It was actually Bruce Grobbelaar who started the rumours. He said that he was concerned before the game as to the amount of Chelsea shirts he saw around the ground.
He never told anyone until everyone was home like.
Grobbelaar’s penalty heroics helped Liverpool win the European Cup in Rome in 1984. A year later, they reached the final again, when they were due to play Juventus in Brussels. With 60,000 fans assembling inside the Heysel stadium, a riot started, resulting in the collapse of an already crumbling wall and the deaths of 39 Juventus supporters. A five-year blanket ban on English sides playing in Europe followed, but Grobbelaar is adamant that the instigators were not from Liverpool.
“It was worse than witnessing what I saw in the Bush.
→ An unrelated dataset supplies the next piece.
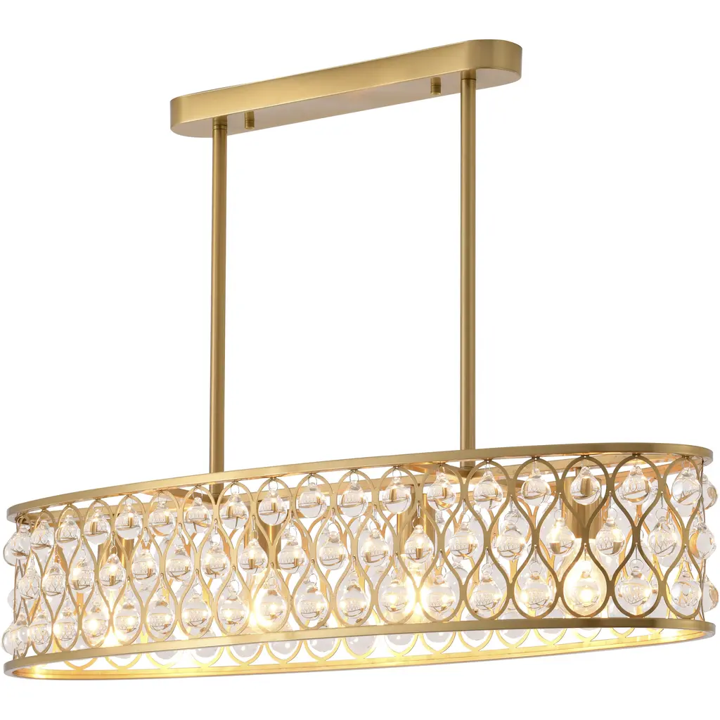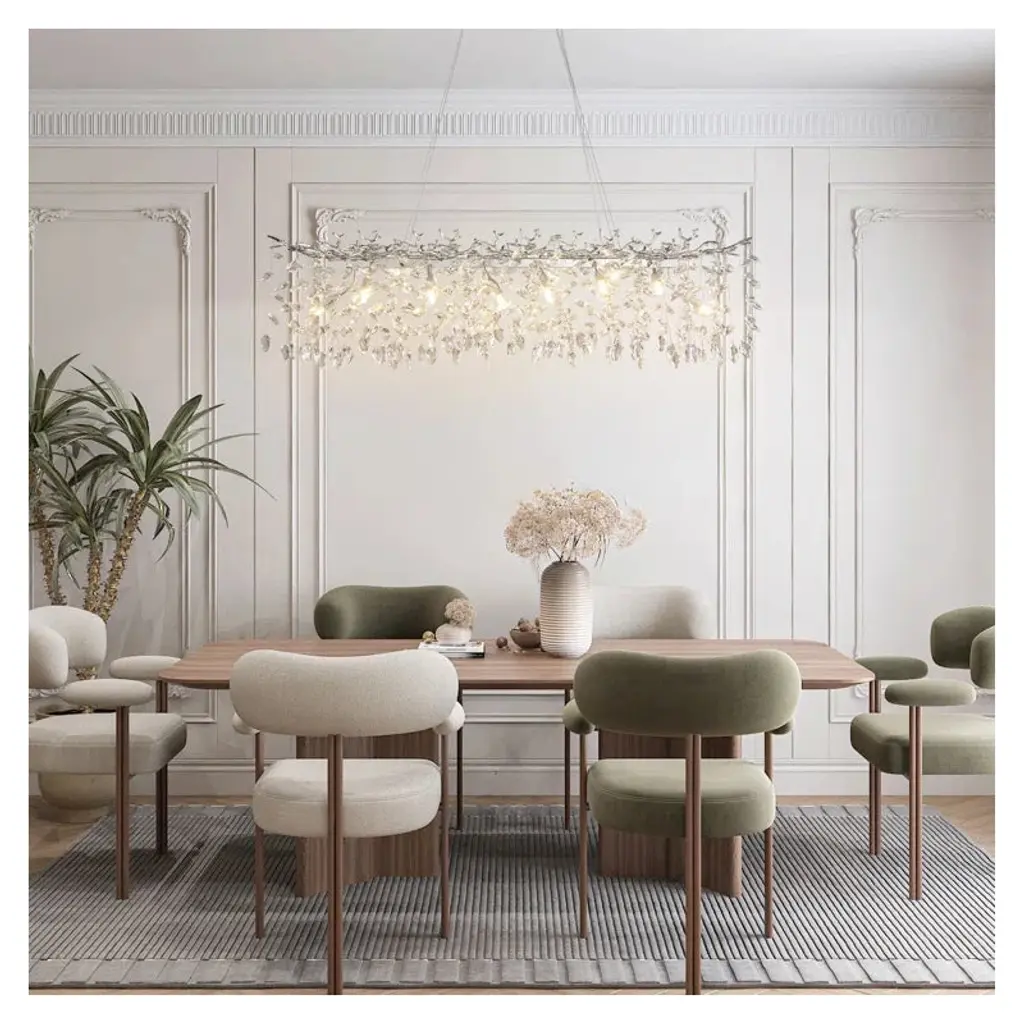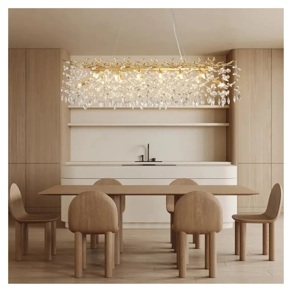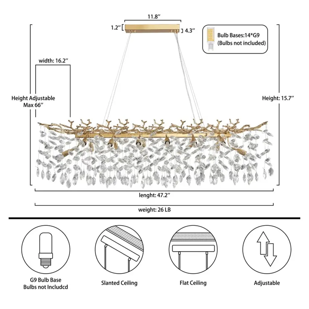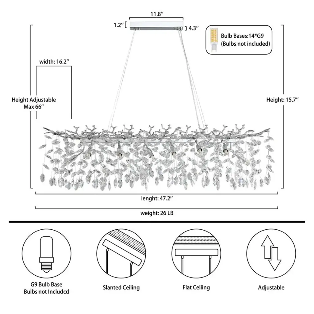 This is a luxurious and elegant Rectangular Crystal Pendant Chandelier, designed to add a touch of sophistication to any room. The crystal lights for dining room features an array of sparkling crystals that cascade down in a mesmerizing display, creating a stunning focal point above your dining table. The kitchen island chandelier's design is modern yet timeless, with its sleek lines and clean aesthetic. The crystal chandelier lighting is perfect for both traditional and contemporary interiors, adding a touch of glamour and elegance to any space. Whether you're looking for a statement piece or simply want to enhance the ambiance of your dining area, this rectangular crystal chandelier is sure to impress. Its warm glow will create a cozy atmosphere, making it the ideal choice for intimate dinners or large gatherings. Upgrade your dining room with this exquisite large crystal chandelier and transform your space into a truly magical environment.

These were grown men behaving like savages. My then mother-in-law came over for the final on the ferry, and she was one of many who were handed pamphlets by the National Front, which basically said, 'Liverpool will not be in Europe again.'
"The NF saw Scousers as scroungers and envied Liverpool’s success on a football field. My mother-in-law said that a lot of the people handing out pamphlets had Chelsea and Millwall tattoos on their arms. People are still free now with blood on their hands.”
Grobbelaar later decided to try to find out for sure whether the NF were really implicated in Heysel. “I travelled to one of their headquarters just outside Slough for a group meeting. They recognised me straight away and because I was a white guy from Rhodesia, they assumed that I was racist. So they welcomed me.
"I had a drink and tried to relax. One of the heads approached me and we got talking. I asked whether they knew anybody who was involved in Heysel and all of a sudden he went cold, said no, then walked off. He sussed me and I decided it was best I leave for my own safety.”
Dalglish came out with this on remembering Heysel:
"We learned afterwards that some Juventus fans at the unsegregated end had been throwing stones at Liverpool supporters, which was why some of our fans ran at them on that terrace in Heysel. Liverpool fans were blamed for killing the Italians but people forget the circumstances. On previous away trips, Liverpool fans had behaved themselves as well as anyone. So why was Heysel different? The stadium, the organisation and the attacks on Liverpool fans in Rome were factors in the Heysel disaster."